L’astronomia è decisamente una scienza strana. Eh sì, perché contrariamente a quello che si potrebbe pensare, non è vero che gli oggetti a noi più vicini siano sempre i più esplorati. Prendiamo il Sole, ad esempio. Ad appena otto minuti luce da noi, potremmo supporre che ormai sia completamente conosciuto. E invece no: di fatto, la nostra stessa stella è ancora contornata – potremmo dire – da una serie di piccoli e grandi misteri scientifici, che attendono ancora compiuta articolazione, e convincente soluzione.

Crediti: NASA/GSFC/Solar Dynamics Observatory

Osservate questa sequenza di immagini del nostro amato Sole. Tutte le istantanee sono state acquisite nella stessa giornata, il giorno 27 del mese di ottobre, per la precisione. Ma mentre la prima “fettina” di Sole ci viene restituita in luce “bianca” (ovvero, nel modo in cui lo vedrebbe un occhio umano), tutte le altre sono acquisite in bande ultraviolette estreme, ovvero nella regione più energetica dello spettro, rispetto alla banda ottica. Sono anche disposte in bell’ordine secondo una scala di temperatura, crescente verso destra : la prima è su una temperatura di circa 6000 gradi, mentre l’ultima arriva a ben 10 milioni di gradi.
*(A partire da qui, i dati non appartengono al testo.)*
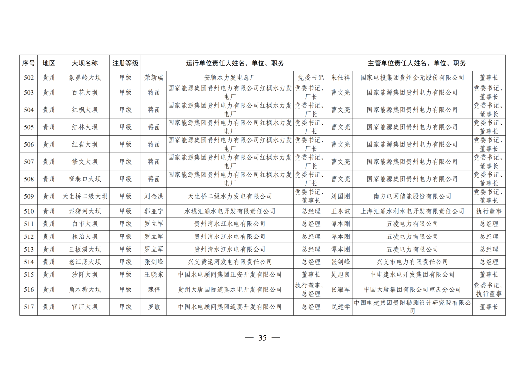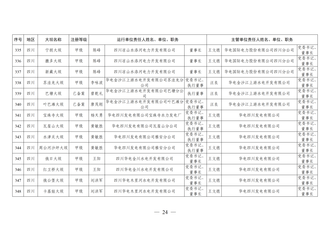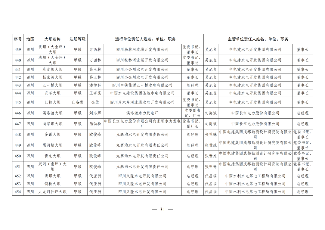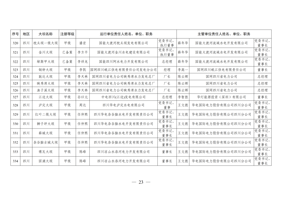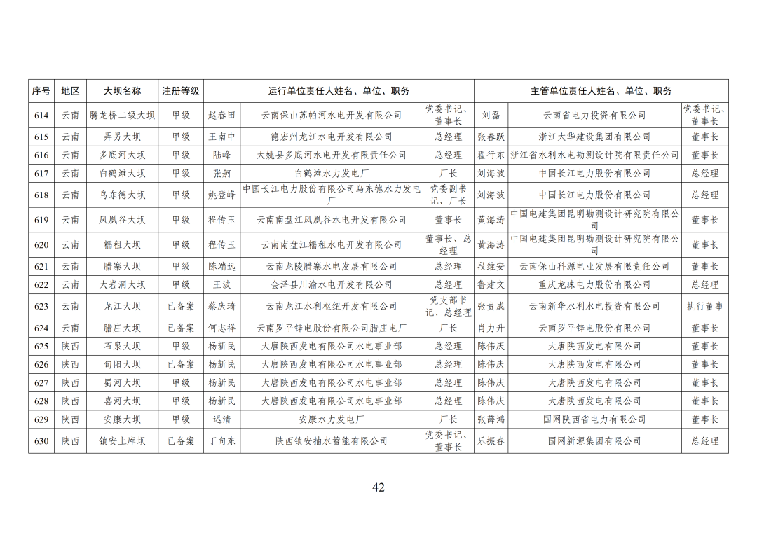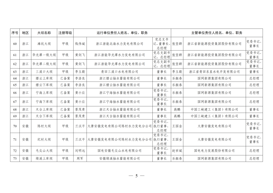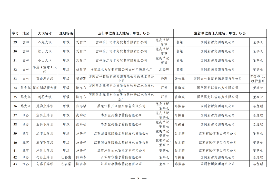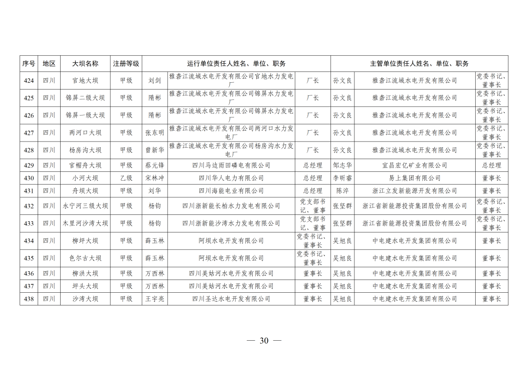 为进一步加强水电站大坝安全监督管理,压紧压实电力企业大坝安全主体责任,按照《水库大坝安全管理条例》(国务院令第77号)、《电力安全生产监督管理办法》(国家发展改革委令2015年第21号)、《水电站大坝运行安全监督管理规定》(国家发展改革委令2015年第23号)等规定要求,现将电力行业718座注册登记和登记备案的水电站大坝(以下简称大坝)运行单位及主管单位的安全责任人名单予以公布。

Una prima cosa che si può notare, ad un esame abbastanza puntuale, è che ogni immagine ci regala in realtà dei particolari diversi. Possiamo dire che ogni intervallo in lunghezza d’onda trasporta e rivela informazioni relative a diversi processi che stanno avvenendo sulla superficie solare (e al di sotto). E’ appena un accenno in scala ridotta dell’astronomia cosiddetta multi-messenger che si sta rivelando come approccio estremamente fecondo nella comprensione “a tutto campo” dei fenomeni celesti. Potremmo dire, in parole semplici, che occorre avere “occhi” per ogni specifica radiazione, sensori per ogni specifico “segnale”, per sperare di ricostruire un quadro completo e compiuto, di quanto stiamo osservando.

L’altra cosa, naturalmente, è l’ampio intervallo di temperatura in cui è capace di “splendere” il Sole. Arriviamo a dieci milioni di gradi, come abbiamo visto. E questo, per di più, accade nell’alta atmosfera solare, dunque molto più calda dei circa seimila gradi della base della fotosfera (da dove si originano i fotoni che arrivano fino a noi). Sì, avete letto bene: da seimila a dieci milioni di gradi, procedendo dalla “superficie” all’atmosfera solare! E’ una faccenda che ha dato ben più di qualche grattacapo ai fisici solari, per diversi anni, ma forse proprio adesso – grazie anche a dati precisi e dettagliati come questi – sta arrivando verso una sua piena comprensione.